Doug Gonder, Norcope’s president, said his company has invested a lot of time and money in the potential development since bringing an application forward in September 2016. In March 2017, city administration recommended the application be defeated at first reading.

Reasons for this included Norcope’s plan to use Miles Canyon Road, a tourism hotspot, as a year-round access point for 30 trucks daily.

As well, city administration said Kwanlin Dün First Nation and the Ta’an Kwäch’än Council, both of which own land in the area, wrote letters stating they do not support the quarry. KDFN was unable to respond before press time. A TKC spokesperson said TKC had nothing to add.

During the Jan. 8 standing committees meeting, Norcope presented a revised application that reduced the size of the proposed quarry from 21.5 to 9.9 hectares. This creates a buffer between the site and residential areas. It also pushes the quarry back from the Miles Canyon lookout.

Gonder says Whitehorse needs gravel for continued development, and his company has been scouting pit locations for 25 years.

“Our problem is, what applicant would go and spend $100,000 or more through the permitting process to find out that the city, near the end, would dispute it?” Gonder says. “It’s totally ridiculous.”

“They shouldn’t have taken my application if they knew they were going to come up with problems.… I’ve got a lot better things I could invest my money in.”

However, city planner Kinden Kosick said the city was always clear with Gonder that the quarry wasn’t a sure thing.

“We’ve had concerns from the get-go on this one,” Kosick told the News.

“Originally Norcope came to the city with a request to do some test pitting in the area. We said ‘we can support that, but note that (a quarry) is not allowed in this area and there would be future permitting and future decisions through council.’”

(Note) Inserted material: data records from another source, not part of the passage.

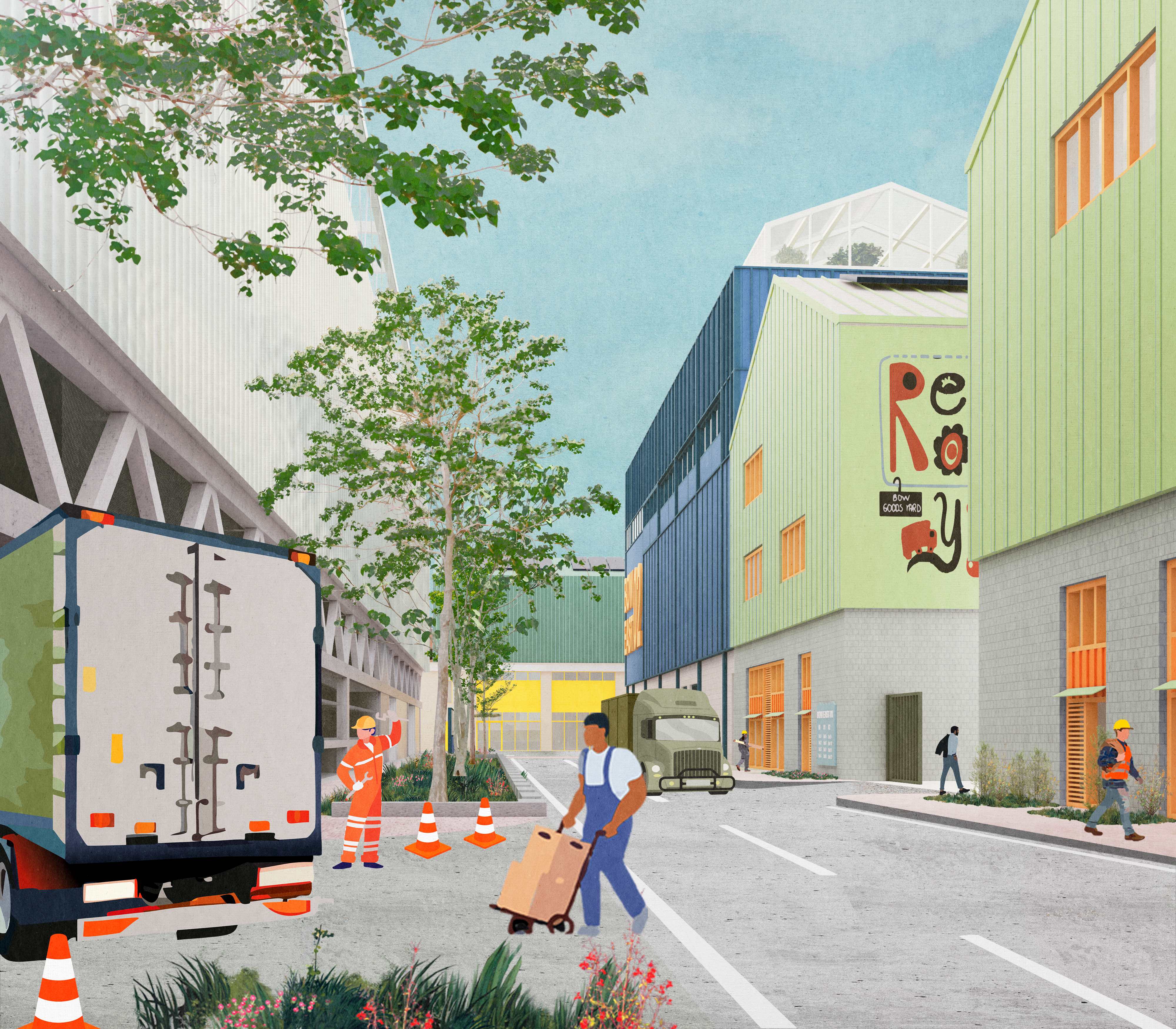 The industrial-led masterplan will enable Bow Goods Yard to help London transition to a greener freight future by taking up to 90,000 HGV movements a year from London’s roads, reducing congestion and emissions. Proposals also include the introduction of an integrated last mile logistics hub.
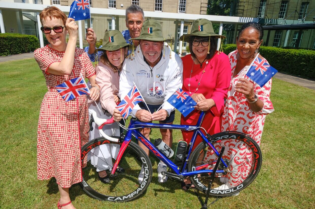 A charity cyclist who rode more than 9,000 miles from the UK to Australia to raise money for good causes is back on home soil – and dropped in to thank a local backer.
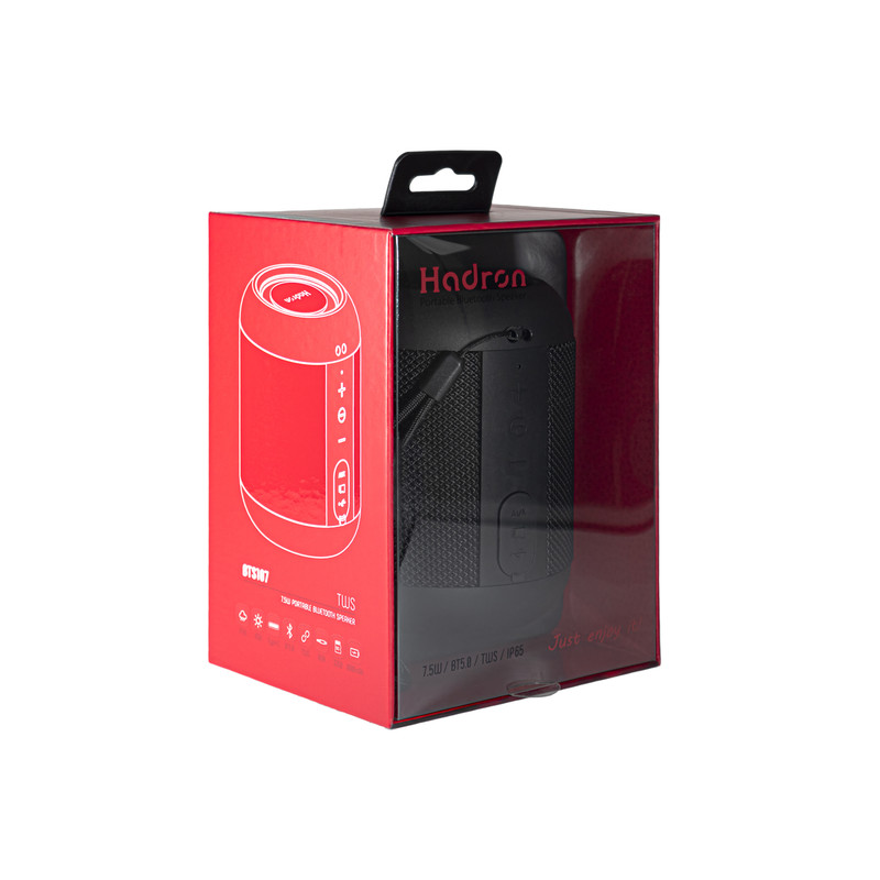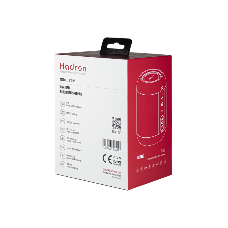 اسپیکر قابل حمل Hadron مدل BTS107 از طریق بلوتوث نسل 5 و یا کابل AUX ، به تلفن همراه هوشمند و سایر پخشکننده های صوتی دیگر متصل میشود. این محصول از قابلیت پخش استریو توسط اتصال بیسیم دو اسپیکر به یکدیگر یا تکنولوژی TWS پشتیبانی می کند. با توجه به ابعاد کوچک و وزن کم , این محصول مناسب استفاده به عنوان اسپیکر کمکی لپتاپ و سایر ادوات قابل حمل هوشمند میباشد.
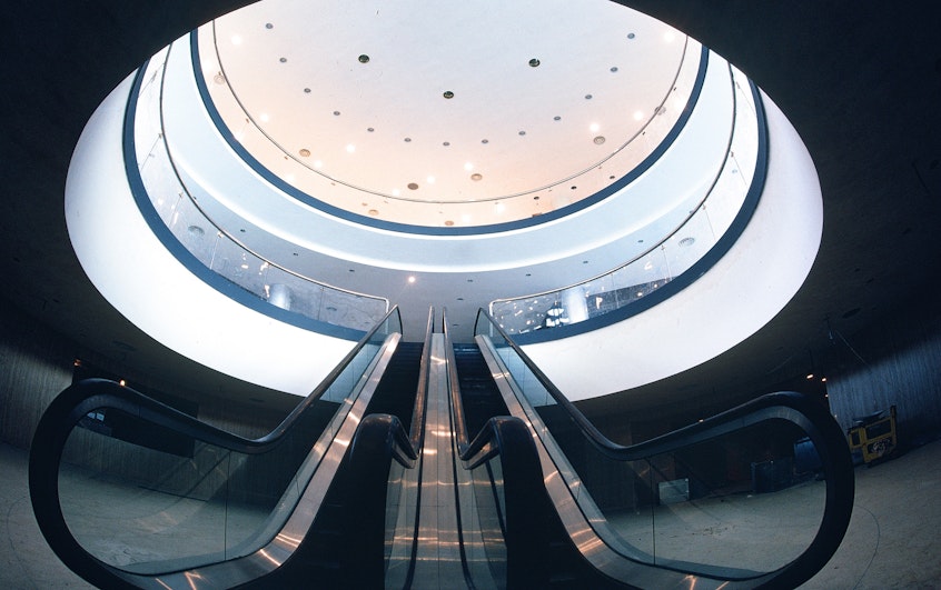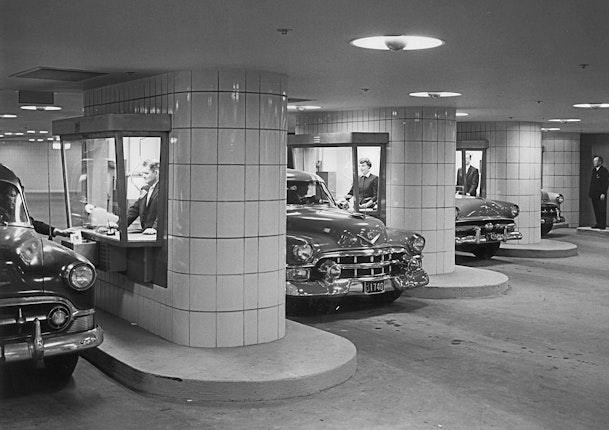 Also incorporated within the building were innovations such as underground drive-through banking and valet parking. The elevators inside the complex traveled at a rate of 1,400 feet a minute, making them among the fastest in the nation. The roof top "rocket" was lit with neon and was capped by a rotation beacon light. The banking lobby featured innovative techniques in engineering to create a column-free lobby where upper floors were hung from above. The lobby was finished with exquisite marble, inlaid wood and 3,000 square feet of pure gold leaf on the mezzanine rail.
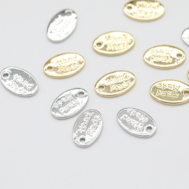 チャームパーツ ハンドメイドタグ メタルプレート オーバル 1穴 7×11mm【10ヶ】
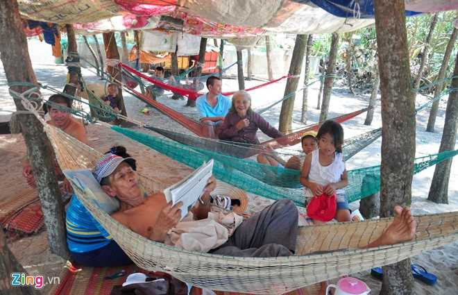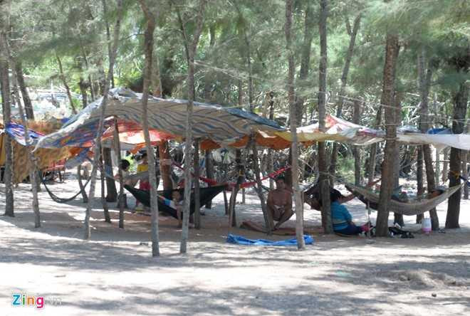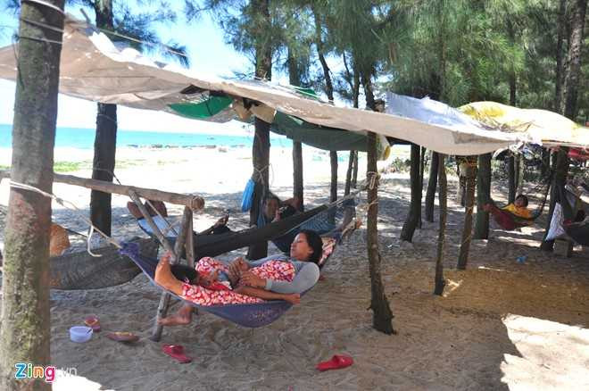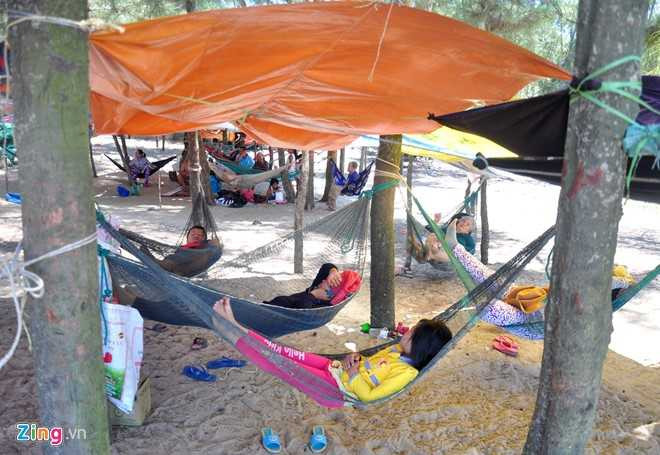 ![]() Họ căng lều bạt, mắc võng giữa các cây dương liễu ven biển nghỉ ngơi. |

Kosick says the area is not ideal for development as is, but there’s hope that, in concert with surrounding landholders, the site can eventually be developed as mixed-use-industrial/commercial.

If the site is instead zoned industrial, as Norcope is asking, and a quarry operates there for 10 to 15 years as Gonder estimates, Kosick says the high slopes left by the pit, some up to 20 metres high, would make the parcel difficult to develop.

Kosick also says an OCP review process is slated to begin in the near future.

It will look at the city’s gravel supply in general, rather than on an ad hoc basis. Once that’s been done, he said, the city will have a better handle on how much industrial land it needs, and whether designations should be changed.

Meanwhile, Gonder is hopeful council will allow the proposal to go to a public hearing instead of allowing “three people behind a desk (to give) the opinion for all of Whitehorse.”

“At the end of the day, this is why we have council,” he said.